*WORK REQUEST:* After locating the line that contains "Salah satu mahasiswa" in the records below, write out exactly that line and each line after it through the one that contains "700 g entsprechen", and nothing else.

** MATERIAL SHOWN follows **

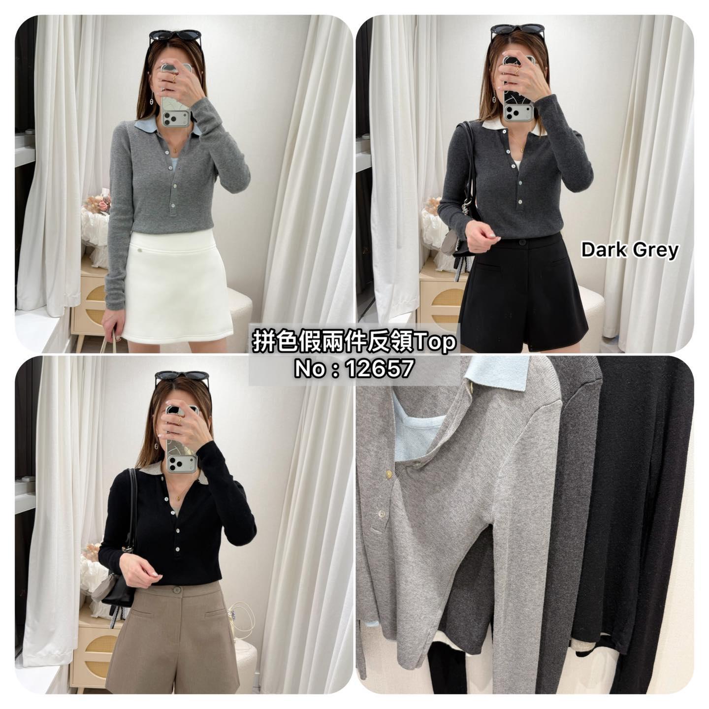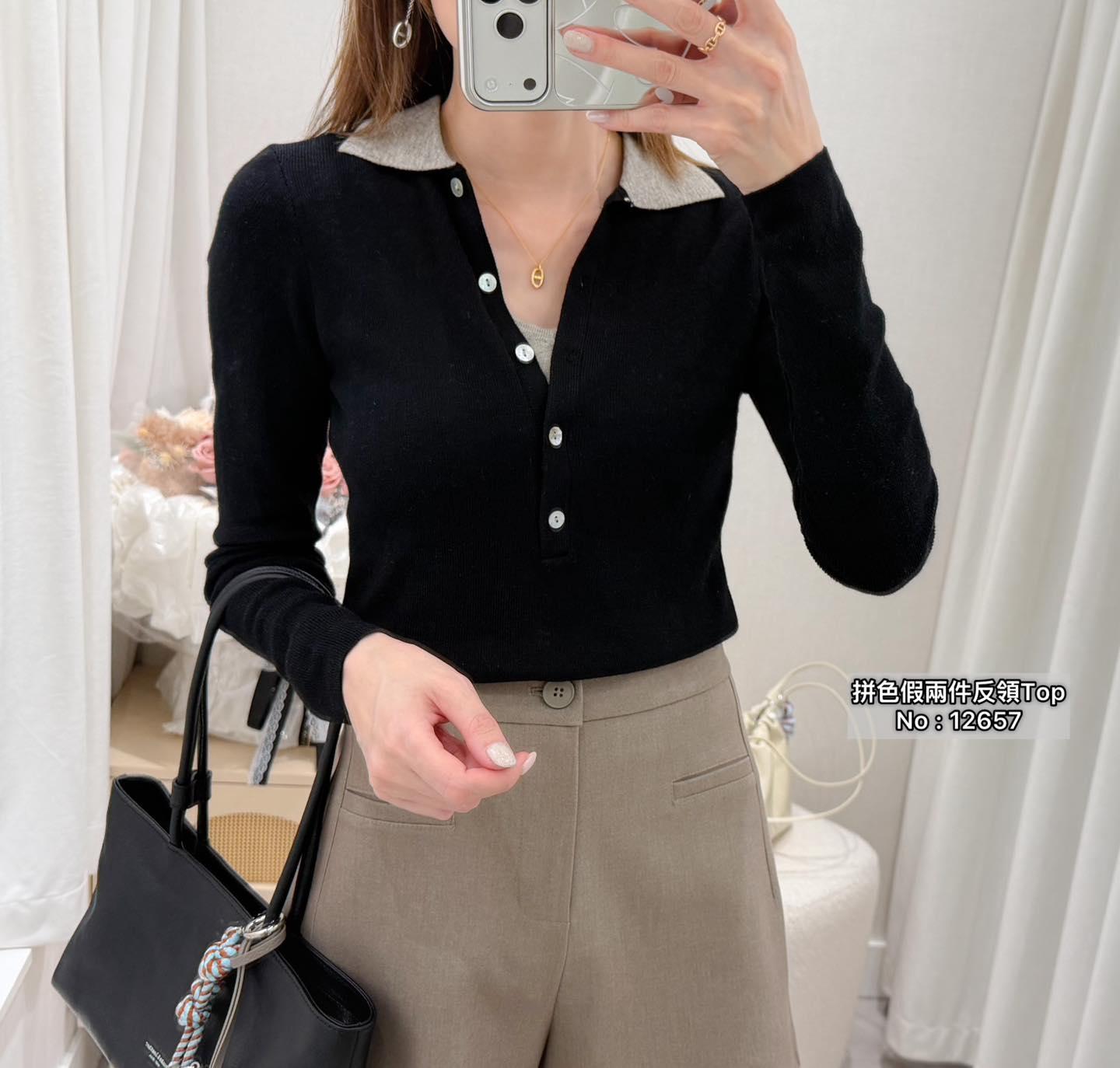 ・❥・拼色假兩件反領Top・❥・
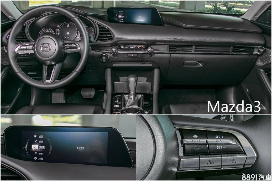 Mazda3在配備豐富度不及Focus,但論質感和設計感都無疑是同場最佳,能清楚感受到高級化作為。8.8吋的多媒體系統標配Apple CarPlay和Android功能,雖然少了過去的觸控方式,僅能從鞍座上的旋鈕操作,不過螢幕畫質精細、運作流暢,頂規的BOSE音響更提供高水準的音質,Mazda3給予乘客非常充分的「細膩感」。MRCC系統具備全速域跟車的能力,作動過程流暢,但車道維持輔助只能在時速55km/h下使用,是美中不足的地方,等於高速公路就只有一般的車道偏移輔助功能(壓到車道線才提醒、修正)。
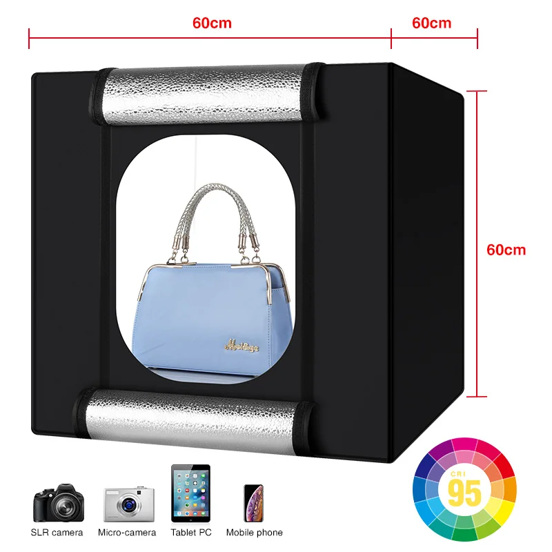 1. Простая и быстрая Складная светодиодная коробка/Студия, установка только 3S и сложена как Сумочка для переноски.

** End of MATERIAL SHOWN **
** MATERIAL SHOWN follows **

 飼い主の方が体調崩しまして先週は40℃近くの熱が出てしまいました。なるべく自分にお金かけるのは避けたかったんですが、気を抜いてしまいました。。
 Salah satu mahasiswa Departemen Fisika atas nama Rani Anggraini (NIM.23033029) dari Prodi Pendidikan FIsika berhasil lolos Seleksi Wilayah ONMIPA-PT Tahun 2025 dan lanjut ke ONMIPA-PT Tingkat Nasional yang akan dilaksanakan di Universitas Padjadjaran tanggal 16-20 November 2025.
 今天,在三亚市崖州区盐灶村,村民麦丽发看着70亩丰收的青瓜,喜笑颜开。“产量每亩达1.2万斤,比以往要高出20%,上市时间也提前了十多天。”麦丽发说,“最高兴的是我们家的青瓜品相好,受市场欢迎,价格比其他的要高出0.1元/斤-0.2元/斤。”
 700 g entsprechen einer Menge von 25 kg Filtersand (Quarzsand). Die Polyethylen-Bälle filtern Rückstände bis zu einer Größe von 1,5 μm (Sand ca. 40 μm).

** End of MATERIAL SHOWN **
** MATERIAL SHOWN follows **

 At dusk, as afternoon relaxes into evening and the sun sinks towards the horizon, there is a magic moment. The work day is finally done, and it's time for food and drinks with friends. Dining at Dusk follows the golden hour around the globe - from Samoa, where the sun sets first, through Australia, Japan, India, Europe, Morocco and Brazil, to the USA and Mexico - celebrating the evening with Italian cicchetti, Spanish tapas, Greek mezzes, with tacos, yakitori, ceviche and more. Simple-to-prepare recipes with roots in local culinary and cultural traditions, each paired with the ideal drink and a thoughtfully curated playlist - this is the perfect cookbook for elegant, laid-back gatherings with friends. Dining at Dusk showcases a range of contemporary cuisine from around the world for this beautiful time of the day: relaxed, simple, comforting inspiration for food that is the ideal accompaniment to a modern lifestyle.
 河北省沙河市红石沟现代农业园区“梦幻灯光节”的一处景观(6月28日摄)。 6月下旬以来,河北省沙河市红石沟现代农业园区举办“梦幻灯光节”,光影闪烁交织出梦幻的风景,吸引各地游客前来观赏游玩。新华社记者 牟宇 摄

** End of MATERIAL SHOWN **

*RESULT FOR THIS EXERCISE:*
 Salah satu mahasiswa Departemen Fisika atas nama Rani Anggraini (NIM.23033029) dari Prodi Pendidikan FIsika berhasil lolos Seleksi Wilayah ONMIPA-PT Tahun 2025 dan lanjut ke ONMIPA-PT Tingkat Nasional yang akan dilaksanakan di Universitas Padjadjaran tanggal 16-20 November 2025.
 今天,在三亚市崖州区盐灶村,村民麦丽发看着70亩丰收的青瓜,喜笑颜开。“产量每亩达1.2万斤,比以往要高出20%,上市时间也提前了十多天。”麦丽发说,“最高兴的是我们家的青瓜品相好,受市场欢迎,价格比其他的要高出0.1元/斤-0.2元/斤。”
 700 g entsprechen einer Menge von 25 kg Filtersand (Quarzsand). Die Polyethylen-Bälle filtern Rückstände bis zu einer Größe von 1,5 μm (Sand ca. 40 μm).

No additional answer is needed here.